1. ## frustrated - area by slice

I need to find the area of the ring defined by $y=x^3$, y=0, and x=1, with the center of the ring being x=2.

Part of the problem I am having is that while I understand the concept of what I need to do, I am getting confused between how I figure out which way the slices go (parallel to x axis, or parallel to y axis), whether I need to set up the integral with respect to x or with respect to y. For example, I have $y=x^3$, do I plug that into the integral, or do I need to solve for x (getting $x=y^\frac{1}{3}$ and then plug that into the integral? I'm not sure how to keep that all straight.

I am getting:

$\pi\int_0^1(2-y^\frac{1}{3})^2-(2-1)^2$ which becomes $\pi\int_0^1(3-2y^\frac{1}{3}+y^\frac{2}{3}$

Take the integral and get:

$\pi\[_0^1(3y-\frac{3}{2}y^\frac{4}{3}+\frac{3}{5}y^\frac{5}{3})$ (haven't quite got the syntax of the left bracket and intervals correct) , or $\pi(\frac{30}{10}-\frac{15}{10}+\frac{6}{10})$

The answer I get is $\frac{21\pi}{10}$ and the book has $\frac{3\pi}{5}$

I'm pretty confident my setup is incorrect, but I've tried several different setups and not gotten to the correct one. I'm not sure what else to try at this point.
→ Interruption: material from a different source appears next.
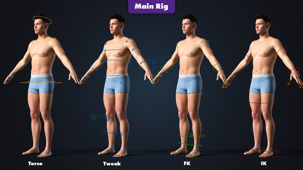 - IK/FK toggles, visibility layers, simplify control, snapping tools and pose resets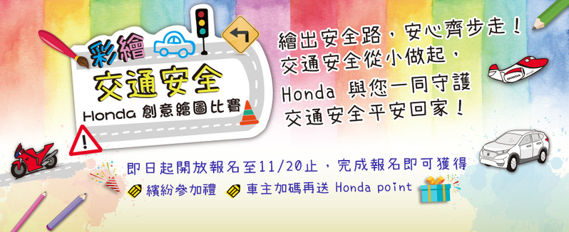 自2018年10月1日起至2018年11月20日止,Honda Taiwan竭誠歡迎3~12歲、對繪畫著色有興趣的小朋友踴躍參加「彩繪交通安全 Honda創意繪圖比賽」,只要於活動期間內完成繪圖作品,並繳回至全國Honda Cars, 即可獲得精美繽紛好禮;全國評選佳作,還可獲得獎學金。

I would appreciate some help with the setup and also some pointers on how to set up these problems in general.

Thanks!

2. ## Re: frustrated - area by slice

If some idiot (namely me) were to square a binomial correctly, things would go much better.

3. ## Re: frustrated - area by slice

$(2-y^\frac{1}{3})^2 = 4 - 4y^\frac{1}{3} + y^\frac{2}{3}$

You got that, right?